Tuesday, December 11, 2012

Messiah at Handel and Haydn Society





Our annual Messiah season kicked off in a major way last weekend with the Handel and Haydn version, which in many ways reached a new artistic peak for that venerable organization.  This year H&H engaged a world-class interpreter of Handel, Canadian soprano Karina Gauvin, as a soloist - and she delivered and then some; indeed, her reading of the soprano arias probably counts as the most subtly expressive I've ever heard.  It turns out that Ms. Gauvin isn't quite as powerful throughout her gorgeous range as I'd hoped (the projection of a voice is one thing that's particularly hard to gauge from recordings); but this slight gap amounted only to the difference between being enchanted and ravished. And I was utterly enchanted; Handel holds the soprano back until his setting of those lovely verses from Luke in which the angels bring good tidings of great joy, and Ms. Gauvin did, in this scene, seem all but angelic.  My vote is to have her back every year.

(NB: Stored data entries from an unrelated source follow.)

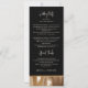 Guíe a sus invitados con gracia usando nuestra tarjeta de programa de boda. La tipografía minimalista de moda brilla contra un lienzo de color oscuro adornado con falsos acentos dorados. El overlay negro muestra con gracia los detalles del programa de boda en ambos lados.
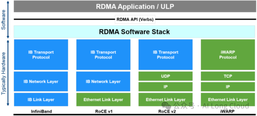 iWARP:iWARP基于TCP/IP协议的RDMA技术,由IETF标准定义。iWARP支持在标准以太网基础设施上使用RDMA技术,而不需要交换机支持无损以太网传输。因为TCP是面向连接的可靠协议,这使得iWARP在面对有损网络场景(可以理解为网络环境中可能经常出现丢包)时相比于RoCE v2和IB具有更好的可靠性,在大规模组网时也有明显的优势。但是大量的TCP连接会耗费很多的内存资源,另外TCP复杂的流控等机制会导致性能问题,所以从性能上看iWARP要比UDP的RoCE v2和IB差。
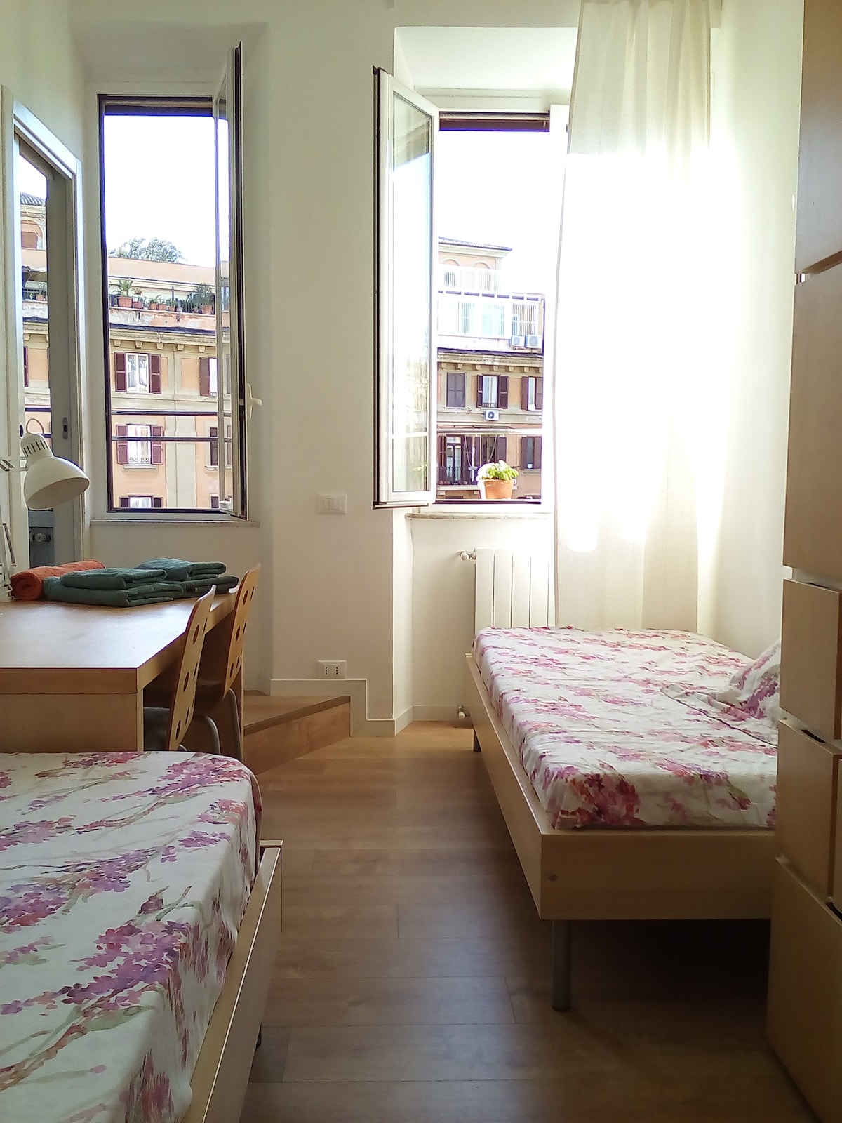 Quiet and bright, but the ‘movida’ of Trastevere is around the corner.. Here you will sleep well. Welcome with snacks. Living room with a double sofa bed, bedroom with two single 2m. beds. Two twins complete bathrooms, useful when you go in and out all at the same time. Both rooms refreshed by ecofriendly ceiling fans. An indipendent fully equipped kitchen. Washing machine. 4th floor without elevator but comfortable and bright stairs. Schedule flexibility. FREE WIFI. Free luggage storage.
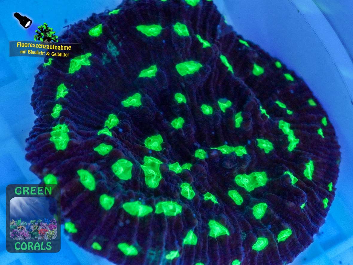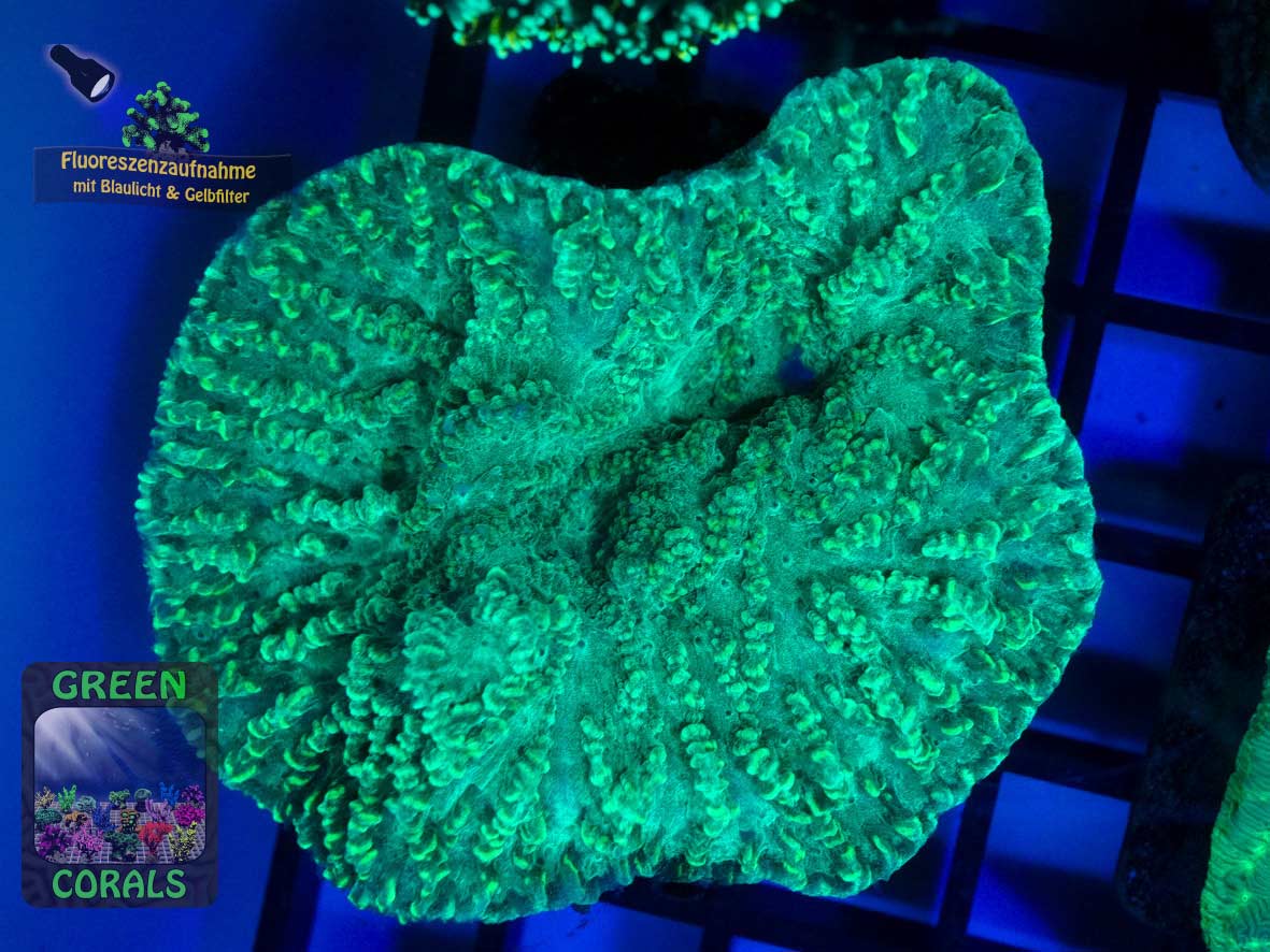 Gute Einsteigerkoralle. Sie braucht wenig Licht und nur eine schwache Strömung. Sie wächst plattenförmig und sollte wegen ihrer kämpfenden Tentakel einen sicheren Abstand zu anderen Korallen haben.

As longtime Hub Review readers know, Ms. Gauvin's presence largely filled a persistent gap at Handel and Haydn, where the salient artistic problem usually revolves around finding soloists who can hold their own against a chorus which is now so consistently terrific that it may count as the most reliable musical organization in the city.  And they were at the top of their game (as usual) through the length of Messiah - perfect intonation and crisp diction in rich, vibrant timbres - the works; this is the Rolls Royce of Boston chorales.

By now I've reviewed close to half a dozen Messiahs from artistic director Harry Christophers; as I recall, it was the first of these, back in 2007, during H&H's search for a new director, that made me go, "Wow- this is their guy!" (so you can imagine how pleased I was when they agreed).  And I'd say his basic approach to this masterpiece hasn't varied much.  Although every year he tinkers with this or that, the Christophers Messiah is reliably a piece of heartfelt eloquence, a passionate flower of the Anglican tradition that all but glows with emotion.  It is grand without being gaudy, light but still measured, and floating rhetorically in a spiritual space in which church and state can humanely overlap.  In the end, Christophers understands that Messiah is a poem, indeed a kind of valedictory, assembled mosaic-like from lines (and sometimes snippets) from centuries of sacred writing that delineate the transformation of the Jewish idea of an anointed savior into the Christian concept of a divine redeemer.

Now whether you believe in the Christian idea of God Incarnate or not (I don't), it's hard not to be moved by the power of Handel's (and librettist Charles Jennens') grandly detailed conception.  And somehow Christophers manages to channel their sense of spiritual grace for a secular age; his Messiah seems to revel in its roots, its connectedness to the best of a glorious tradition.  (Perhaps that's why the H&H crowd still instinctively stands for the "Hallelujah Chorus.")

Of course - the Christophers version has its quirks, chief among them the repeated presence of a countertenor in the alto role.  This year's model was Daniel Taylor, who I admit did boast a hauntingly mournful middle range.  But we got quite enough of that color, and its attendant dolor, in "He was despised and rejected," (which this year Christophers took at a crawl), and elsewhere Taylor seemed unable to modulate into the hopefulness of "Then shall the eyes of the blind be opened," much less the joy of "O Death, where is thy sting?"

Luckily, the other soloists offered more variety.  Tenor James Gilchrist had an eccentric way with Handelian melisma, to be sure, but he had a surprising power at his command, and something like Old-Testament thunder in such recitatives as "All they that see Him laugh Him to scorn." And then suddenly, with "Thy rebuke hath broken His heart" Gilchrist was indeed, heartbreaking.  Almost as good was Sumner Thompson, a local favorite of mine, who isn't quite a bass, but who nevertheless could summon a stern, old-school authority, as well as an unexpectedly poignant lyricism in the aria that I feel is the most beautiful in the whole oratorio, "The trumpet shall sound."

The trumpets do sound, of course, from all over Symphony Hall in the H&H version, and as played by Jesse Levine and Paul Perfetti, they were glorious this year.  The winds were once again on point as well, and the strings their familiar agile selves; meanwhile the reliable John Grimes brought his usual rolling flair to the timpani.  It was another grand and memorable edition in what has become a 194-year tradition at Handel and Haydn.